Conditioned Salary for Doctors / Jeovany Jimenez Vega

Jeovany Jimenez Vega, 14 September 2015 — Speaking of rumors — it’s been going around for months, but nothing official has yet been said about it — there is a rumor that the Ministry of Public Health will increase the monthly salary of doctors in Cuba  to 5,000 Cuban pesos (equivalent to a little more than $200 US). This would be very good news, but on the island things are seldom what they seem, and according to what is rumored it could also be a rotten deal: to receive this salary the worker will have a sign a contract — which apparently will not be elective — in which he or she commits to not traveling outside of Cuba during the following five years, or perhaps ten years according to other versions. And it is also said that in the eastern provinces this document has already been presented to the workers.

If this is true, it would be sheer nonsense to subordinate this salary to something that has no relation to our healthcare performance. Like in every contract, the one allegedly being proposed would clearly establish working days and hours, it would fix the rules of discipline and standards in relation to employer/employee and also recognize the rights to our twice-yearly two-week paid vacations, but at this point the powers of the administration would stop. What we decide to do with our free time is outside the administrative jurisdiction of the center and its ministry, it is something completely personal is not for anyone else to make these choices. Then, if it is clear that this is an unrelated matter, it would be absurd to make such a requirement.

Of the recent measures announced by the newspaper Granma, theoretically we can infer that the Ministry of Public Health (MINSAP) has become aware, although very late, of the severity of the health care situation in the country, but conditioning a salary as deserved as it is long postponed on something so personal and alien to our work as what we do in our free time, would be a misplaced imprudence.

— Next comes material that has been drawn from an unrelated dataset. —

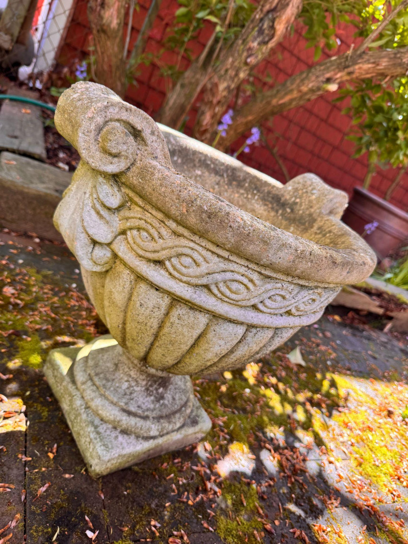 Lot # 27 - Large Concrete Urn Planter - Garden Pedestal Outdoor Pot

Such an attitude from our ministry would show that at bottom, nothing has changed. This posture greatly tarnishes the intended spirit of reconciliation of the new proposed policy, and belies the alleged “good intentions” of the Cuban authorities towards those healthcare professionals who choise to remain in Cuba or who want to return after working for a short time abroad. Behind such conditionality one can see the gleam in the eye of the tiger, the always authoritarian gesture, the same despotism, in another disguise and other trappings, but in the end the very same despotism as always.

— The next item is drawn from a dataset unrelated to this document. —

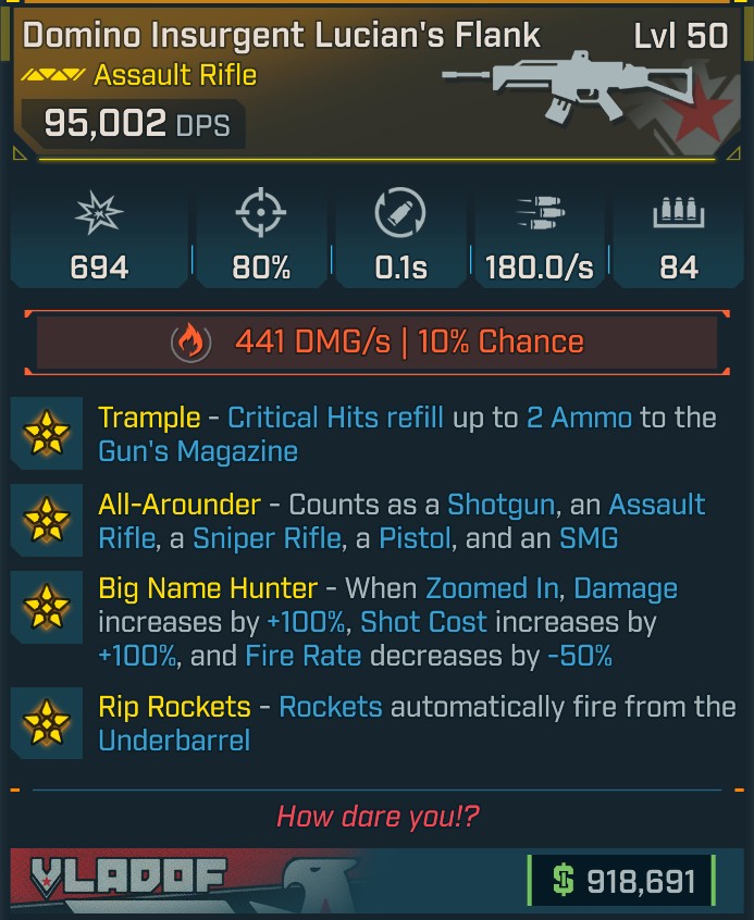 ⭐[MODDED] L50 LUCIAN'S FLANK - 95K DPS - 180/s FR - 0,1s AUTO RELOAD - ROCKETS - BNH - ALL-AROUNDER⭐

Could it be that so much time of impositions blinded that forever, that pride will end up annulling judgment? Can they no longer do anything truly clean? Will they ultimately be incapable of sincere propositions and everything will be left, one more time, in an opportunistic simulation, in a perpetual dissimulation.

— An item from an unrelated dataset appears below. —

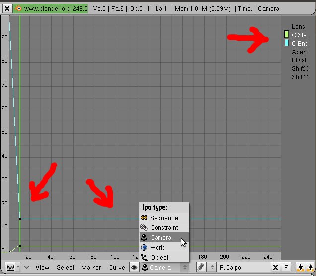 El asunto es que en un par de ocasiones tuve que modificar el clipping de la cámara porque habían unas estructuras que me impedían hacer tomas correctas de las obras, al hacer esto logre mi animación como la deseaba, pero mas tarde necesite agregar otros frames al principio para otra animacion de la camara y rode los demás keyfremes de la animacion para lograr espacio en la linea del tiempo, en consecuencia, los key frames del clipping de la camara quedaron en lugares de la linea del tiempo en los que no debian estar y me hace el clipping en donde no debe y no lo hace donde debe. Miro y miro la ventana de curvas IPO y no veo donde se registran las animaciones que se le hace al clipping. Imagino que donde quiera que esten tambien se verias animaciones como el angulo y el desenfoque. Mi pregunta es:

Of course, signing or not signing such a contract would be a matter that each one has the full right to accept or not according to their personal decision, but these professionals should know that once they sign it, this document would place them in an unjust position of subordination and would be a legal yoke in the hands of the administration, which will undoubtedly use it without hesitation when the time comes to justify future arbitrariness.

Personally, I never would sign it. It is not a question of wanting or not wanting to travel outside Cuba tomorrow, it is that here there is a principal much more elemental: that is the right to choose to do so or not always belongs only to me. So it is a simple matter.